Viewers now know the story of ‘Doob’
Irrfan Khan and Nusrat Imrose Tisha in ‘Doob’. Photo l courtesy

DL desk

Eminent Bangladeshi filmmaker Mostofa Sarwar Farooki’s much-talked-about film ‘Doob’ (No Bed of Roses) has participated in two international festivals recently. As a result, the viewers who attended the festivals, Moscow International Film Festival and Shanghai International Film Festival, now know the stories of the film, which was the talk of the town in Dhaka for its alleged controversial story said to be based on late noted Bangladeshi writer and filmmaker Humayun Ahmed.

Earlier in February this year, Ministry of Information had halted the process of its release in Bangladesh after actress-director Meher Afroz Shaon, wife of late Humayun Ahmed, claimed that the film is based on the life of her husband Humayun Ahmed---who divorced his wife of 27 years and married an actress 33 years junior to him.

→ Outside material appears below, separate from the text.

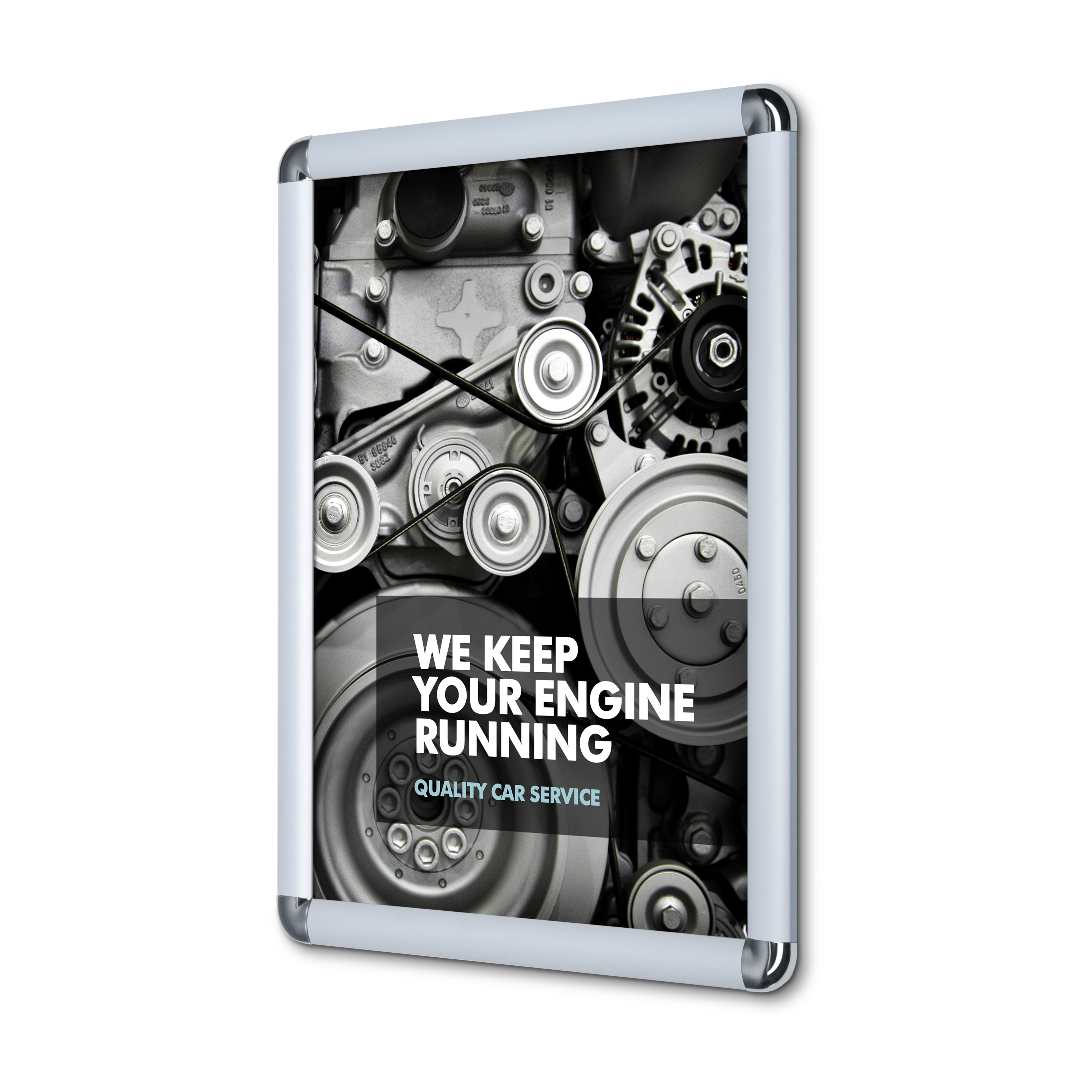 Perfekt für 1mm starke Plakate. Zwei Eckvarianten stehen außerdem für Sie zur Auswahl: der Gehrungsschnitt oder die dekorative Variante mit abgerundeten, hochglänzenden Stahleckverbindern (Rondo).
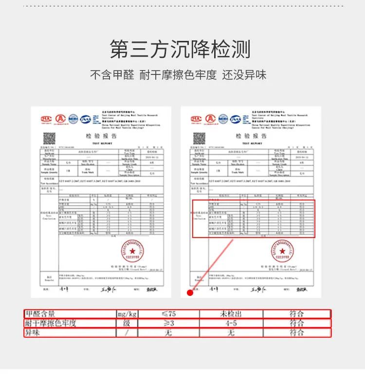 A类婴幼儿标准可以放心使用 ,再实际质检中我们坚持,不添加甲醛/荧光剂/致癌芳香胺, 始终保持 “未检出”的高标准

The filmmaker, however, has denied that it’s a biopic.

The film stars celebrated Bollywood actor Irrfan Khan and popular actress Nusrat Imrose Tisha from Bangladesh in the lead roles.

In this connection, The Hollywood Reporters has published a review on ‘Doob’ recently after the film took part in the Shanghai International Film Festival last month. Here is the complete article for the readers of DhakaLive—

Irrfan Khan brings the story of a family break-up to life in director Mostofa Sarwar Farooki’s Indian-Bangladeshi coproduction.

It takes an actor of Irrfan Khan’s stature and magnetism to turn an intimate separation drama into something special, and a writer-director like Bangladesh’s happy maverick Mostofa Sarwar Farooki to layer on subtleties and shades of meaning with realistic detachment that never slips into melodrama.

In the freewheeling scenes from a marriage, No Bed of Roses (Doob), a celebrity filmmaker leaves his dignified wife of many years and teenage kids to marry a classmate of his daughter’s. There’s no elaborate murder mystery here, just a tale of human vanity and egotism that turns the life of a middle-class family in Dhaka upside down and fills every member with pain and regret.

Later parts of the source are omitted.